▶ **What the task asks**: Every line from the one with "Задание 3 №" through the end of the entries below should be written out exactly; the pictures should not.

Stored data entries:

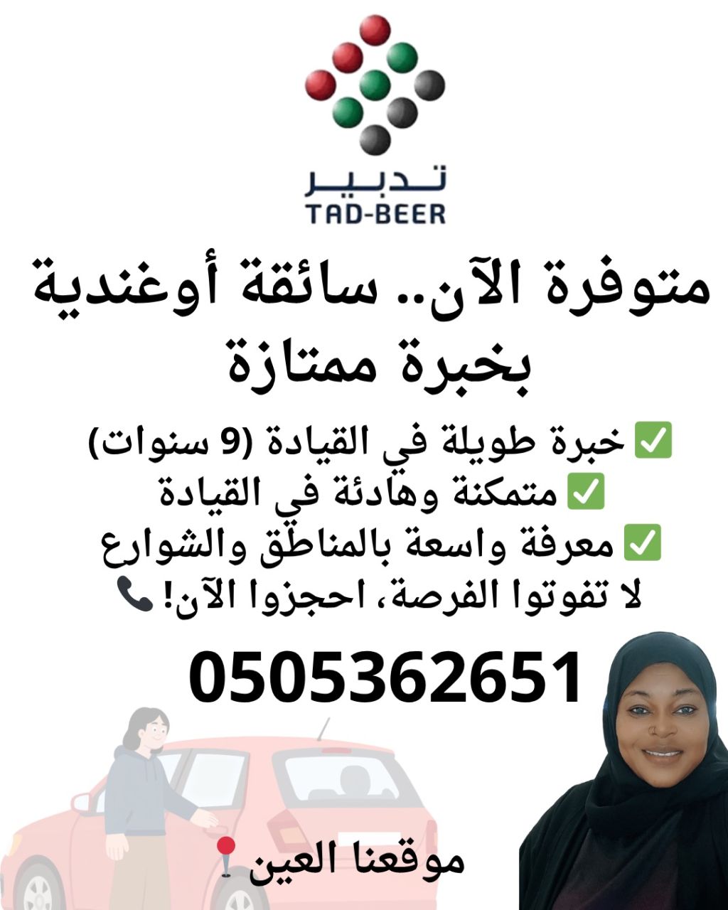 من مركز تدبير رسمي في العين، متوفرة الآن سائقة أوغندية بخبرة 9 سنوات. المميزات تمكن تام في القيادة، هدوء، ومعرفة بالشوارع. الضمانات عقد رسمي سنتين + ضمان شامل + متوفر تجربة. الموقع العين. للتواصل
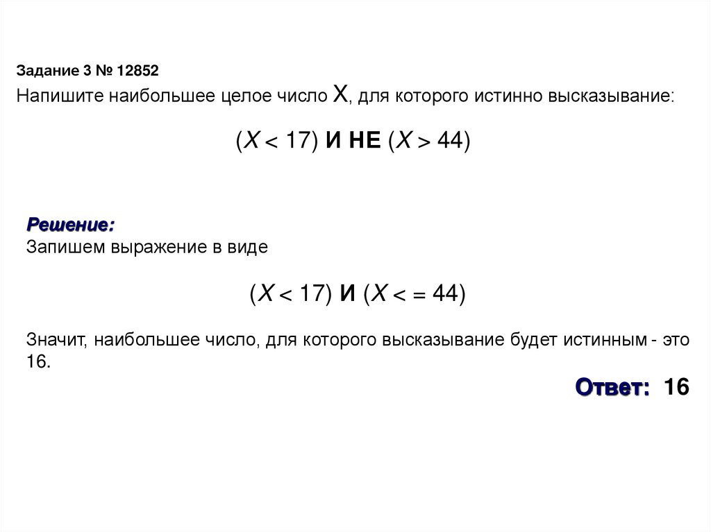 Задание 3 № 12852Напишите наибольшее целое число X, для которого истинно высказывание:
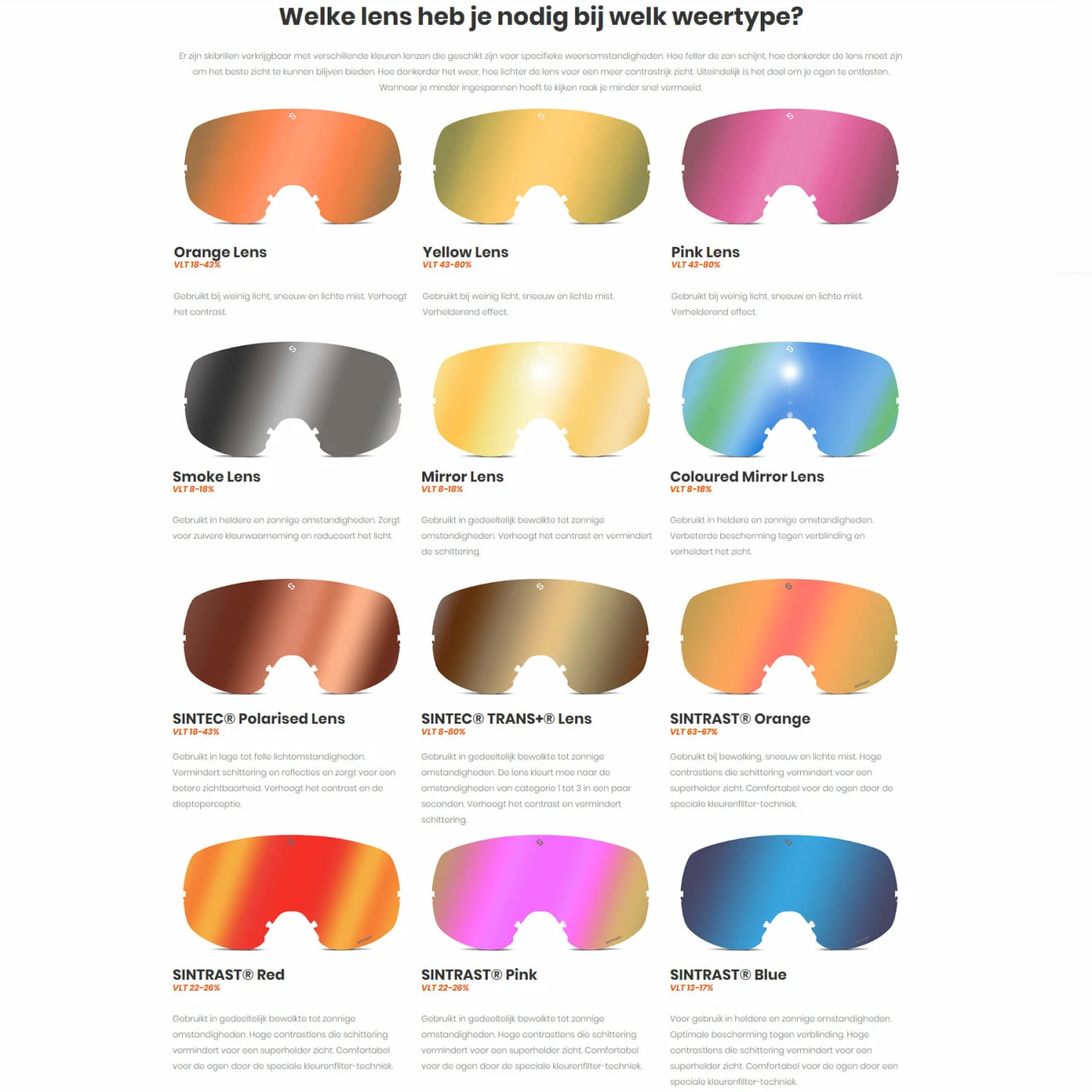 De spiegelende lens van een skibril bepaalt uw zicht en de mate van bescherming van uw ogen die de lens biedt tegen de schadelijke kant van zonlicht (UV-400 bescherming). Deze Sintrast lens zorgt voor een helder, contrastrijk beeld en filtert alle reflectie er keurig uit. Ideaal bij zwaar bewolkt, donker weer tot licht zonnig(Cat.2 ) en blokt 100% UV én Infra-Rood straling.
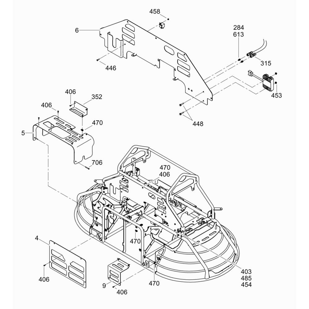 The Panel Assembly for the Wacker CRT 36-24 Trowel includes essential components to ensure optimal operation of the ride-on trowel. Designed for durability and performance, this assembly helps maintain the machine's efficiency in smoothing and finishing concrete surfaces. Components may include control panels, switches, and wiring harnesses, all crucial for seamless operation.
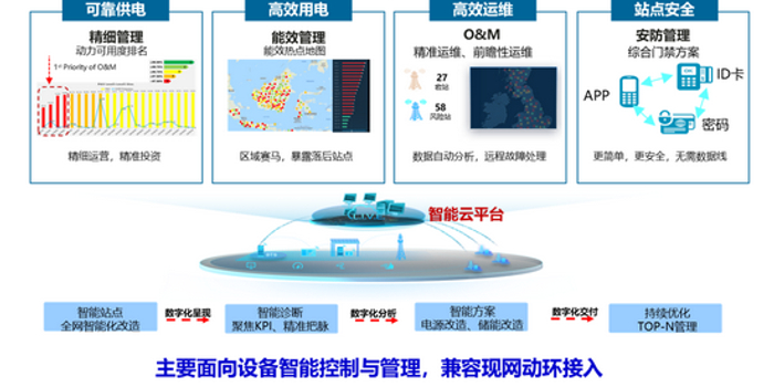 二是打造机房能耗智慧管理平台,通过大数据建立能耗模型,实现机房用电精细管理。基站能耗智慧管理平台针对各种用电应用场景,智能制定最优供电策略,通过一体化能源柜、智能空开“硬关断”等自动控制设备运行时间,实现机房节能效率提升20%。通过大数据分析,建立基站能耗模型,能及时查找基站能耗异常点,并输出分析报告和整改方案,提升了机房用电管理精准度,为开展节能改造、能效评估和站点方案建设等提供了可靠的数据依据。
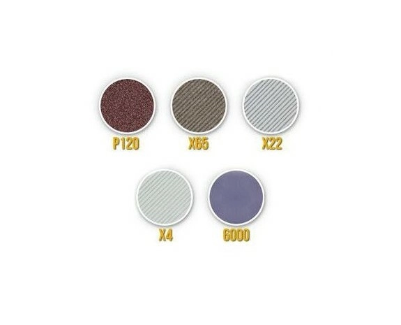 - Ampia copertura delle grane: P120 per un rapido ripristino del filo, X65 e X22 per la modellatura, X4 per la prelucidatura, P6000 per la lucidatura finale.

▶ **Exercise answer**:
 Задание 3 № 12852Напишите наибольшее целое число X, для которого истинно высказывание:
 De spiegelende lens van een skibril bepaalt uw zicht en de mate van bescherming van uw ogen die de lens biedt tegen de schadelijke kant van zonlicht (UV-400 bescherming). Deze Sintrast lens zorgt voor een helder, contrastrijk beeld en filtert alle reflectie er keurig uit. Ideaal bij zwaar bewolkt, donker weer tot licht zonnig(Cat.2 ) en blokt 100% UV én Infra-Rood straling.
 The Panel Assembly for the Wacker CRT 36-24 Trowel includes essential components to ensure optimal operation of the ride-on trowel. Designed for durability and performance, this assembly helps maintain the machine's efficiency in smoothing and finishing concrete surfaces. Components may include control panels, switches, and wiring harnesses, all crucial for seamless operation.
 二是打造机房能耗智慧管理平台,通过大数据建立能耗模型,实现机房用电精细管理。基站能耗智慧管理平台针对各种用电应用场景,智能制定最优供电策略,通过一体化能源柜、智能空开“硬关断”等自动控制设备运行时间,实现机房节能效率提升20%。通过大数据分析,建立基站能耗模型,能及时查找基站能耗异常点,并输出分析报告和整改方案,提升了机房用电管理精准度,为开展节能改造、能效评估和站点方案建设等提供了可靠的数据依据。
 - Ampia copertura delle grane: P120 per un rapido ripristino del filo, X65 e X22 per la modellatura, X4 per la prelucidatura, P6000 per la lucidatura finale.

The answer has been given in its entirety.